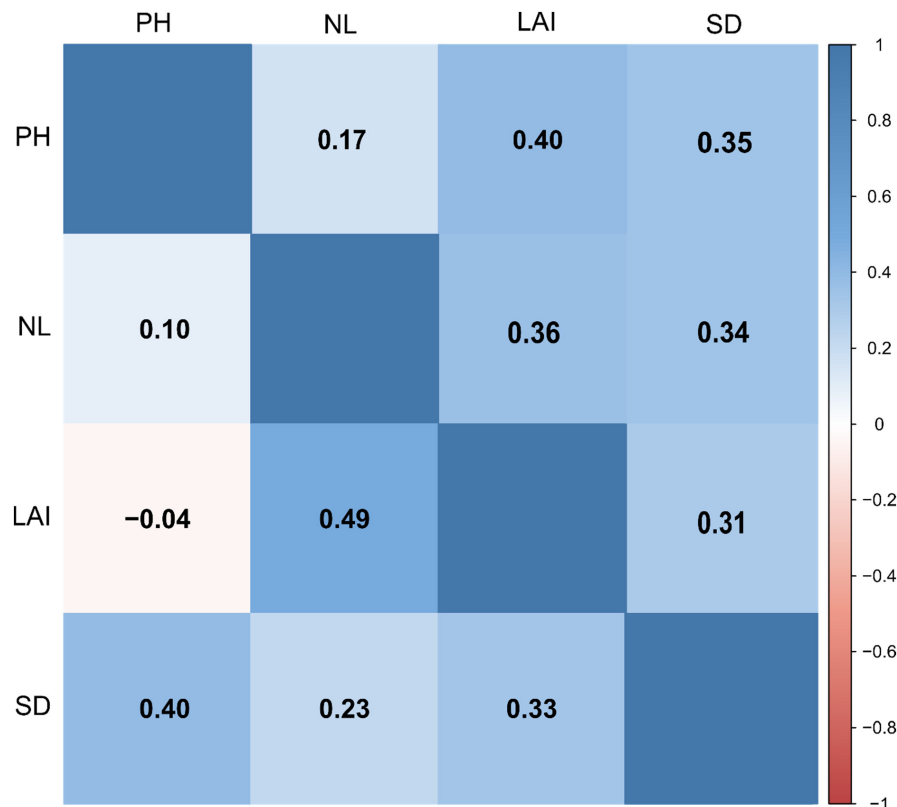
FIGURE 1 Scatterplot containing Pearson's correlation between the variables plant height (PH), number of leaves (NL), leaf area index (LAI) and stem diameter (SD) evaluated in 32 Saccharum complex genotypes grown under presence (upper diagonal) and absence (lower diagonal) of saline stress.

in the literature, which have reported that stem diameter is a growth trait with slight variation since it depends more on the genetic traits of the genotype than environmental factors (Capone et al., 2011; Oliveira et al., 2011). Thus, the larger stem diameter observed in the genotypes G1, G11 and G24 under salinity is possibly related to these genotypes' intrinsic characteristics. Different responses to salt tolerance within sugarcane genotypes occur through their high genetic variability, limiting the persistent selection pressure for individual traits related to salinity tolerance (Chiconato et al., 2019).
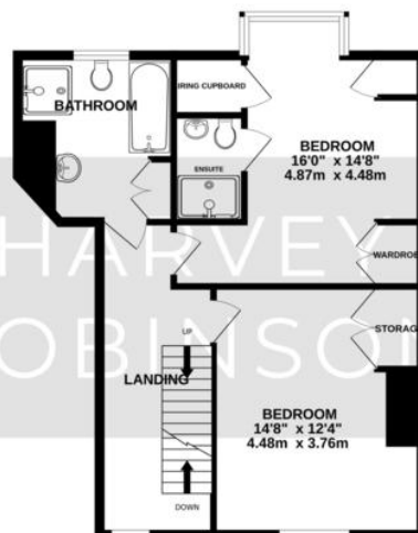
1ST FLOOR 582 sq.ft. (54.1 sq.m.) approx.
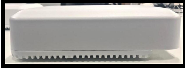
Figure 28: Left
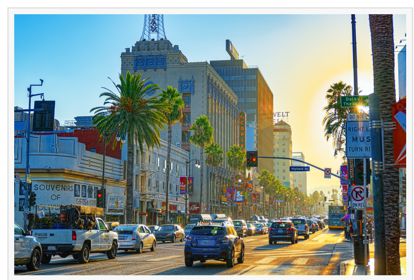
Urban Digital Twin pioneer Cityzenith announces pivotal 'Clean Cities – Clean Future' project in Los Angeles

Los Angeles' Better Buildings Challenge, a community of building owners representing 150 million ft<sup>2</sup> of commercial real estate space committed to 'going green', has partnered with Urban Digital Twin pioneer Cityzenith.
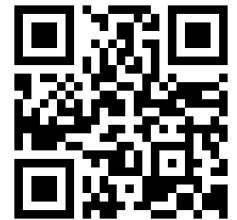
3/4 UC Davis
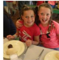
Everyone loves a bake sale!

What: Contribute the cost of making a bake sale item or what you would spend to buy baked goods.
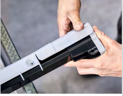
Patented Tensioning System

With a third the weight of steel, our tents use all-aluminum parts for a stronger build from peak to footplate.
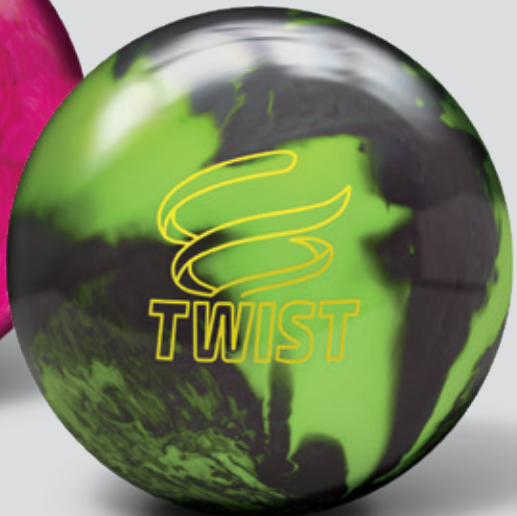
60-106163-93X Neon Green / Black
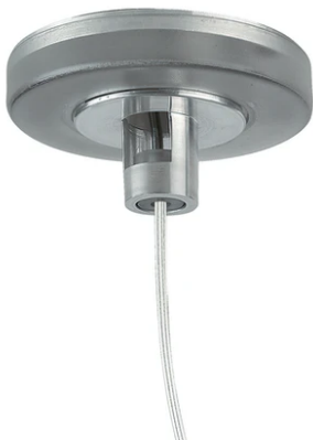
Power supply rose 08.0031.00
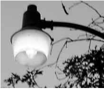
Change this dusk to dawn fixture to...

Add a shield to existing spotlights and floodlights. Light shields will direct the light toward the ground. Shielded light fixtures use energy more effectively and efficiently, reduce hazardous and annoying glare, prevent unwanted light trespass onto neighboring properties and lessen sky glow, which obliterates our view of the stars.
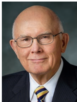
By Elder Dallin H. Oaks Of the Quorum of the Twelve Apostles
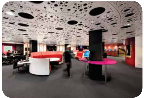
CONCEPTUAL | LIBRARY RECEPTION

It's not your granddaddy's library; in fact, it's not a library at all, it's a Student Learning Center, an open-source development laboratory. The next signature project for the CDM Foundation will be the planning, construction and implementation of the current 1960's-era school library into one for students of the 21st century. This remodel will give a lesser presence to cloth-bound books and more to technology, including computer stations, active-study areas, projectors, drop-down screens and eBooks. Gone will be the view-blocking stacks of books, replaced by a see-through model of waist-high counters and open areas, along with casual seating instead of rigid seats at tables. The new look will speed up the learning process, encourage creative thinking and collaboration, and also introduce our students to current levels of technology. Talking will not just be OK, but encouraged for the exploration of new ideas. Projection equipment will allow students to train in skills that will be used in their careers. Construction is to begin in the summer of 2015 and the project is to be ready for the school year that fall. The CDM Foundation greatly appreciates the generous donations of our families which will make possible this important upgrade; thank you, CDM parents!
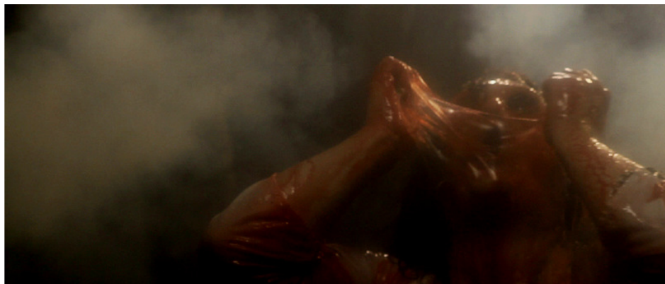
ALAN ROWE KELLY as Annabelle in The Big Bad
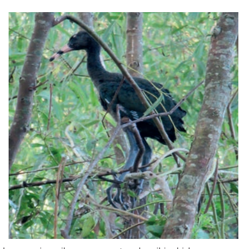
Figure 6. A diverse assemblage of native plant and animal life has colonised the island. Left to right, A juvenile tricolored heron, a juvenile snowy egret and an ibis chick were observed in nests on the island during nesting season (July 2014).
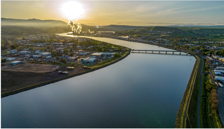
Lewiston is the most inland seaport on the west coast, welcoming cruise and cargo ships that travel up the Columbia River.

Idaho is known as the “Gem State” because 72 types of precious and semi-precious stones can be found here, including rare stones found nowhere else in the Americas.
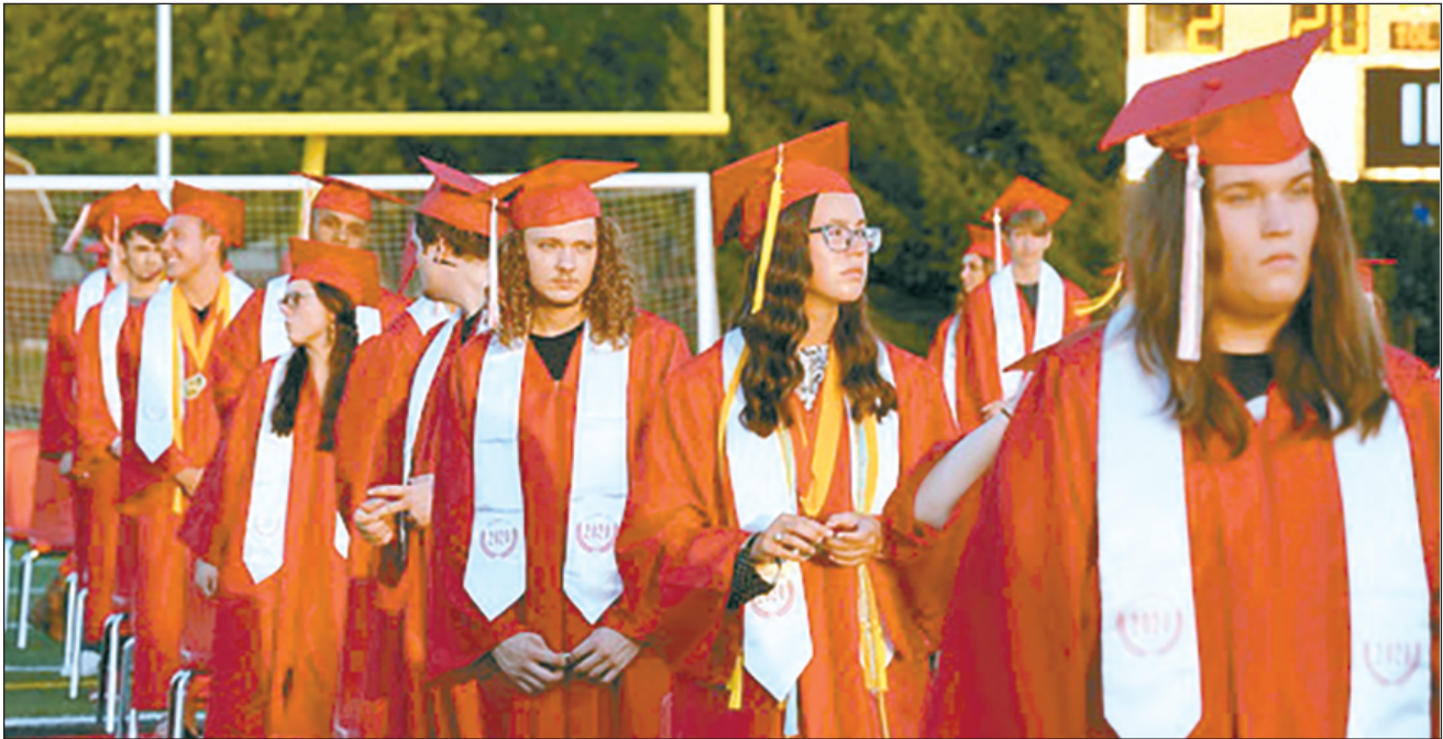
Mississinewa 2020 seniors celebrated their graduation at Fisher Field.
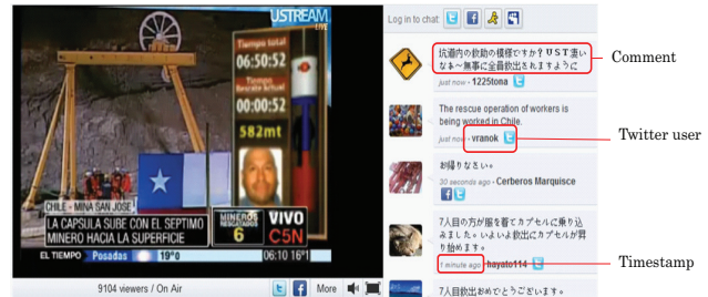
Figure 1: The snapshot of a Ustream live broadcast.

Inspired by the idea of “the wisdom of crowds” [6], we realize that if multi-viewers can annotate the videos just like what ESP
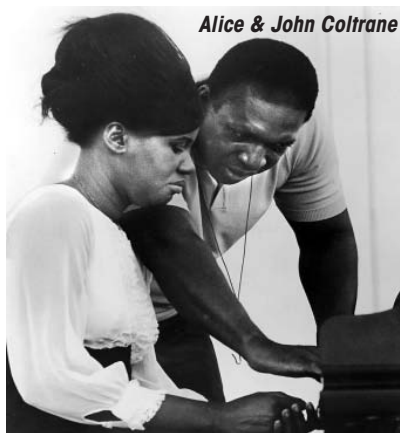
Alice & John Coltrane
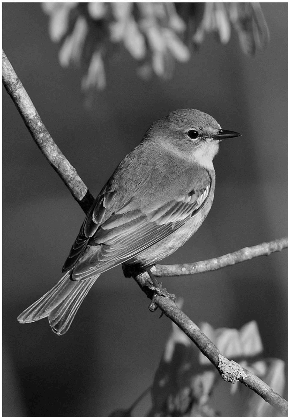
Pine Warbler from Dennis Malueg
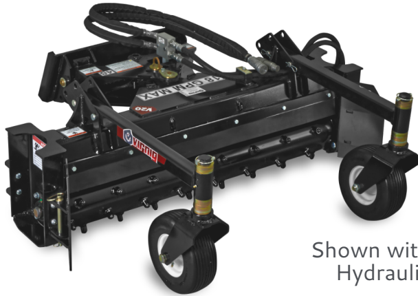
Shown with optional Hydraulic Angle

Grade soil and gravel, prepare seedbeds and remove debris.
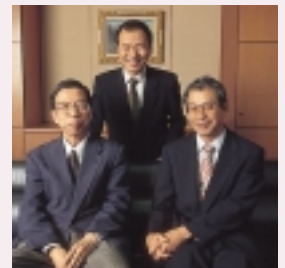
Eco Planning Group, Public Relations Department

It is our corporate commitment to make further efforts toward a sustainable society, by seeking to further reduce the environmental impacts of diesel engines, which we believe have the potential to achieve even greater environmental performance. We value your comments and suggestions, and will use them to help us continue evolving as a company.
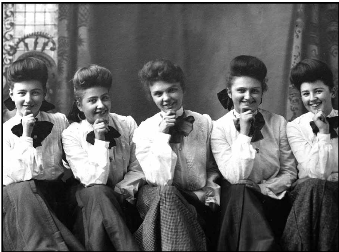
THE HARVEY GIRLS: OPPORTUNITY BOUND, January 4
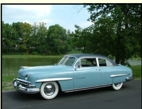
1950 Lincoln Cosmopolitan Capri

This SS El Camino is powered by a 454ci LS-5 V8 with Turbo 400 automatic. A 12-bolt posi-traction with 4.10 gears rear-end completes the driveline. It was frame-off restored and everything on the car is new. It features power steering and power brakes. This red on red with a black vinyl top El Camino is a well done restoration that runs and drives great.
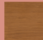
ASIAN GOLDEN TEAK
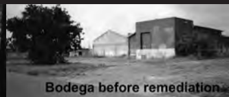
Bodega before remediation
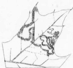
Fig 6—Mine of N. altella .

The mine is placed on the lower side of the leaf and is very much contorted, winding back and forth, the bends almost con-
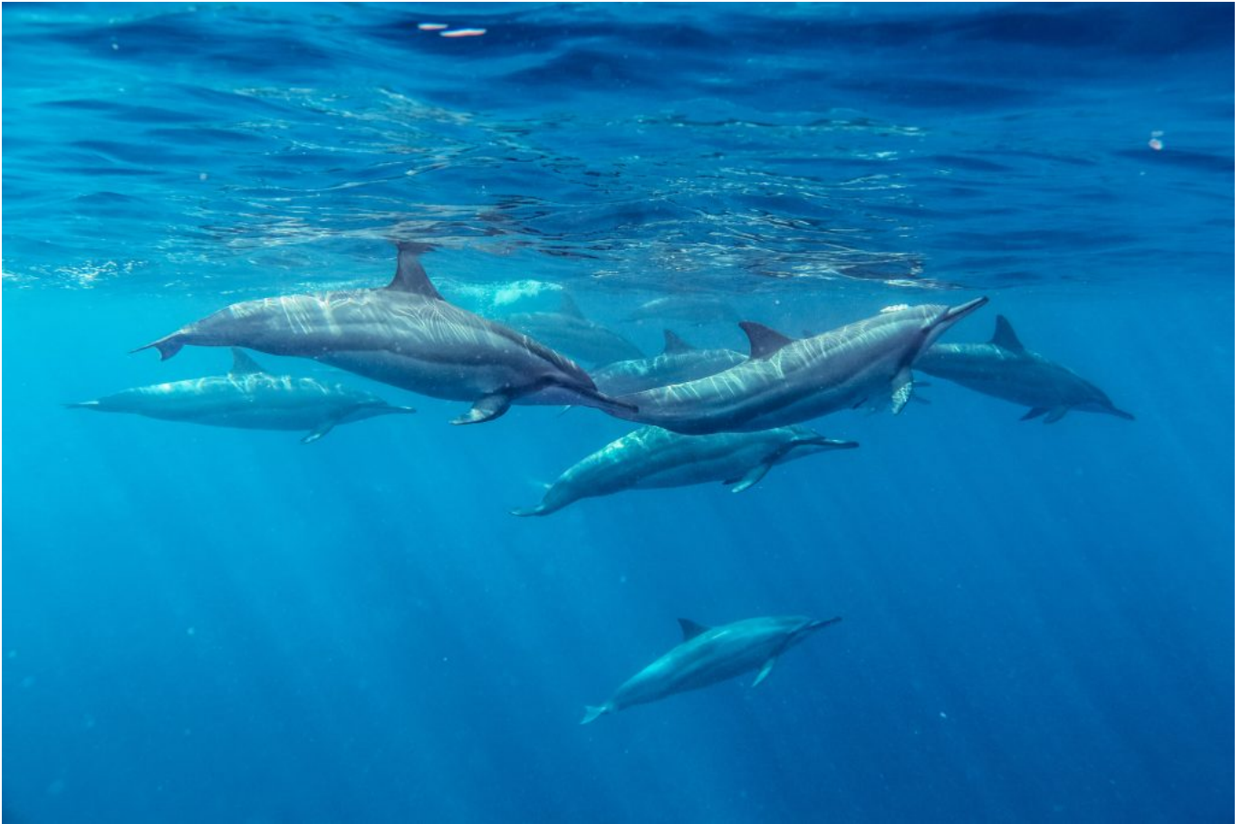
Dolphin Spotting in Mauritius.
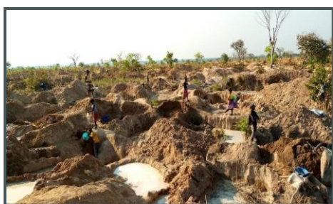
Washing mineralised sand in Manono Territory, Tanganyika Province, September 2020
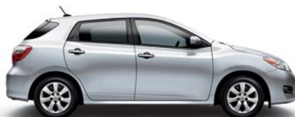
CLASSIC SILVER METALLIC
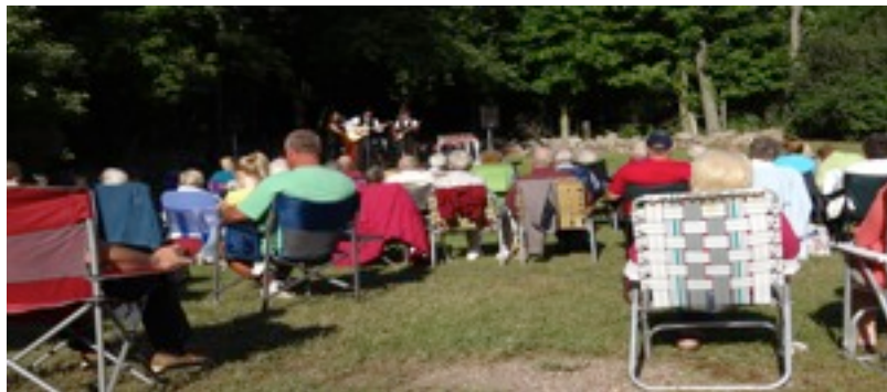
Blue Ribbon School House Concert- Aug. 3
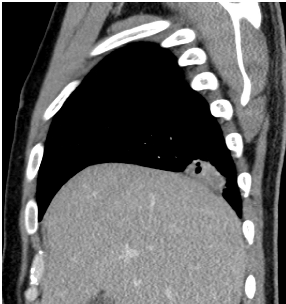
FIGURE 2: Computerized tomography of the chest with contrast, sagittal view, showed an irregular, pleural-based mass at the right lower lobe with small air foci.
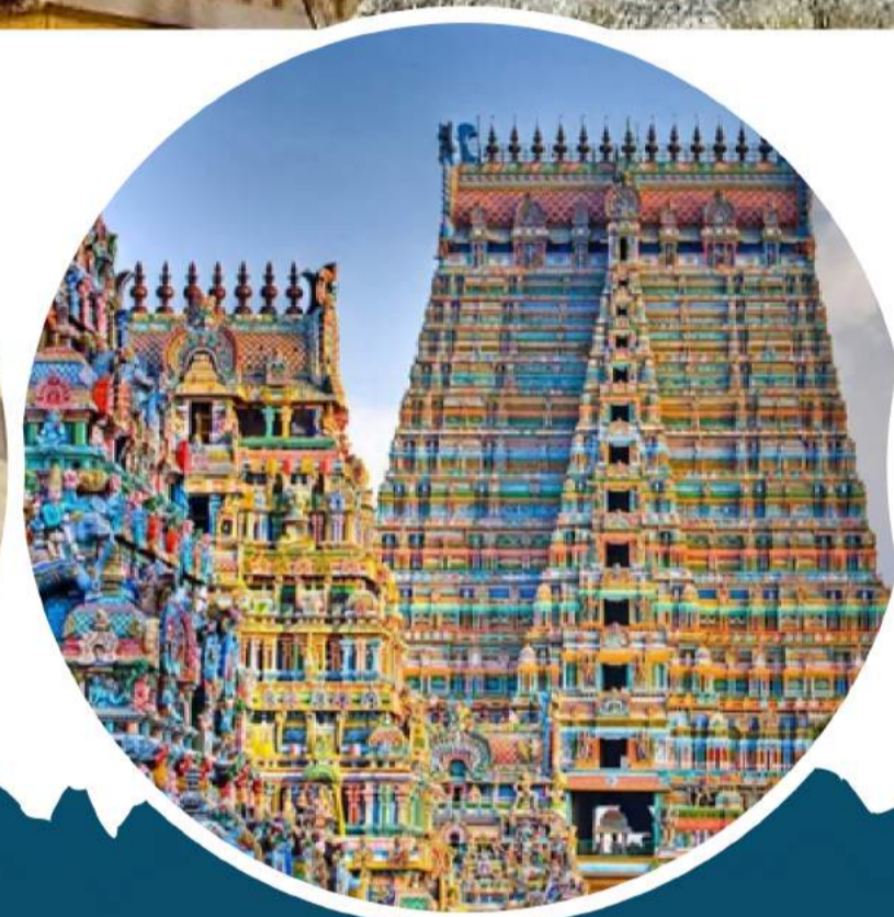
SRI RANGANATHASWAMY TEMPLE

* TASK DIRECTIONS: Copy word for word the span of the records above that begins at the line with "Power supply rose 08.0031.00" and ends at the line with "CONCEPTUAL | LIBRARY RECEPTION", including those two lines but not the pictures.

* ANSWER FOR THE TASK:
Power supply rose 08.0031.00
Change this dusk to dawn fixture to...

Add a shield to existing spotlights and floodlights. Light shields will direct the light toward the ground. Shielded light fixtures use energy more effectively and efficiently, reduce hazardous and annoying glare, prevent unwanted light trespass onto neighboring properties and lessen sky glow, which obliterates our view of the stars.
By Elder Dallin H. Oaks Of the Quorum of the Twelve Apostles
CONCEPTUAL | LIBRARY RECEPTION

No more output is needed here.